Qiime2R
Import qiime2 artifacts to R
Install / Use
/learn @jbisanz/Qiime2RREADME
Tutorial: Integrating QIIME2 and R for data visualization and analysis using qiime2R (v0.99.6)
Background
The qiime artifact is a method for storing the input and outputs for QIIME2 along with associated metadata and provenance information about how the object was formed. This method of storing objects has a number of obvious advantages; however, on the surface it does not lend itself to easy import to R for the R-minded data scientist. In reality, the .qza file is a compressed directory with an intuitive structure.
While it is possible to export data on a one-by-one basis from the qiime artifacts using qiime's built in suite of export features this is problematic and runs antithetical to the purpose of the artifact format for the following reasons:
- Export of data from the artifact using QIIME2 requires an installation which may not be available on the user's computer and may not be trivial to install for a novice user
- Export of the data will loose the associated provenance information. Now the origin of the data can't be traced and the parameters that led to its generation have been lost.
- Export of the data on a one-by-one basis is tedious and creates multiple copies of intermediate files
- R has many options for advanced data analysis and/or visualization that may not natively supported in QIIME or python environments
This package is trying to simplify the process of getting the artifact into R without discarding any of the associated data through a simple read_qza function. The artifact is unpacked in to a temporary directory and the raw data and associated metadata are read into a named list (see below).

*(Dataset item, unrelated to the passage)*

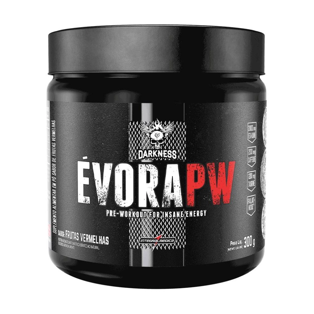 informações do produto O Pré-Treino Évora pw Darkness é um poderoso pré-treino que traz em sua formulação os principais ativos para potencializar seu treino, sua força e seu rendimento.Com a combinação perfeita de Beta-Alanina, Cafeína, Taurina e Palatinose, o Évora pw é para você que busca maior foco durante os treinos, aumento extremo de energia, aumento na resistência muscular, redução da fadiga e busca a alta performance.Cada um de seus componentes foi pensado para potencializar seu treino: Beta alanina que aumenta a força, performance e recuperação física de forma gradativa, a cafeína que proporciona o aumento da energia, melhora do foco mental e aumento da força física, a taurina que atua no sistema nervoso auxiliando na potencialização do foco e diminuindo a ansiedade em atletas de alta performance e a palatinose, um carboidrato de absorção lenta que auxilia no ganho de massa muscular e a manutenção de massa magra.Ingredientes: Beta-alanina, taurina, isomaltulose (Palatinose), cafeína, aromatizante, acidulante ácido cítrico, antiumectante dióxido de silício, edulcorante sucralose e corante artificial tartrazina.Sugestão de consumo: 1 dosador (1 Porção de 5g) antes do treino.Sobre o Vendedor: A G7 Nutrição Esportiva é uma das maiores empresas no ramo de suplementos do Brasil. Desde de 2003 atuando no mercado de suplementação, contamos com mais de 11 lojas no interior de São Paulo. é distribuidora oficial dos maiores laboratórios, priorizando sempre a excelência e qualidade dos produtos. Nossa missão é atender à necessidade dos nossos clientes e superar a suas expectativas. ficha técnica Código de barras 7896311770830Marca Integralmédica Fabricante Integralmédica Peso Aprox Prod Eletro 0.35Peso Produto5561 0.35Sabor Uva,Maçã Verde,Limão,Frutas Vermelhas,Frutas Amarelas
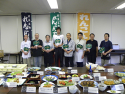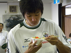 羽島市の特産であるれんこんを使った約15種類のれんこん創作料理を試食させていただきました。日頃、れんこんをあまり食べる機会のないと言っていた村尾選手も、れんこんの食感を堪能しながら、何度もおかわりをしていました。葉に水を注いで茎から飲む象鼻杯も体験させてもらいました。参加していただいた皆様よりFC岐阜へ募金もしていただきました。

Data are typically returned as either a data.frame, phylo object (trees), or DNAStringSets (nucleic acid sequences).
Functions
read_qza()- Function for reading artifacts (.qza).qza_to_phyloseq()- Imports multiple artifacts to produce a phyloseq object.read_q2metadata()- Reads qiime2 metadata file (containing q2-types definition line)write_q2manifest()- Writes a read manifest file to import data into qiime2theme_q2r()- A ggplot2 theme for for clean figures.print_provenance()- A function to display provenance information.is_q2metadata()- A function to check if a file is a qiime2 metadata file.parse_taxonomy()- A function to parse taxonomy strings and return a table where each column is a taxonomic class.parse_ordination()- A function to parse the internal ordination format.read_q2biom()- A function for reading QIIME2 biom files in format v2.1make_clr()- Transform feature table using centered log2 ratio.make_proportion()- Transform feature table to proportion (sum to 1).make_percent()- Transform feature to percent (sum to 100).interactive_table()- Create an interactive table in Rstudio viewer or rmarkdown html.summarize_taxa()- Create a list of tables with abundances sumed to each taxonomic level.taxa_barplot()- Create a stacked barplot using ggplot2.taxa_heatmap()- Create a heatmap of taxonomic abundances using gplot2.corner()- Show top corner of a large table-like obejct.min_nonzero()- Find the smallest non-zero, non-NA in a numeric vector.mean_sd()- Return mean and standard deviation for plotting.subsample_table()- Subsample a table with or without replacement.filter_features()- Remove low abundance features by number of counts and number of samples they appear in.
Installing qiime2R
qiime2R is currently available via github which can easily be installed in R via the following command:
if (!requireNamespace("devtools", quietly = TRUE)){install.packages("devtools")}
devtools::install_github("jbisanz/qiime2R")
Reading Artifacts (.qza)
This example is using data derived from the moving pictures tutorial. The main function we will need is read_qza():
?read_qza
read qiime2 artifacts (.qza)
Description
extracts embedded data and object metadata into an R session
Usage
read_qza(file, tmp, rm)
Arguments
file - path to the input file, ex: file="~/data/moving_pictures/table.qza"
tmp - a temporary directory that the object will be decompressed to (default="tempdir()")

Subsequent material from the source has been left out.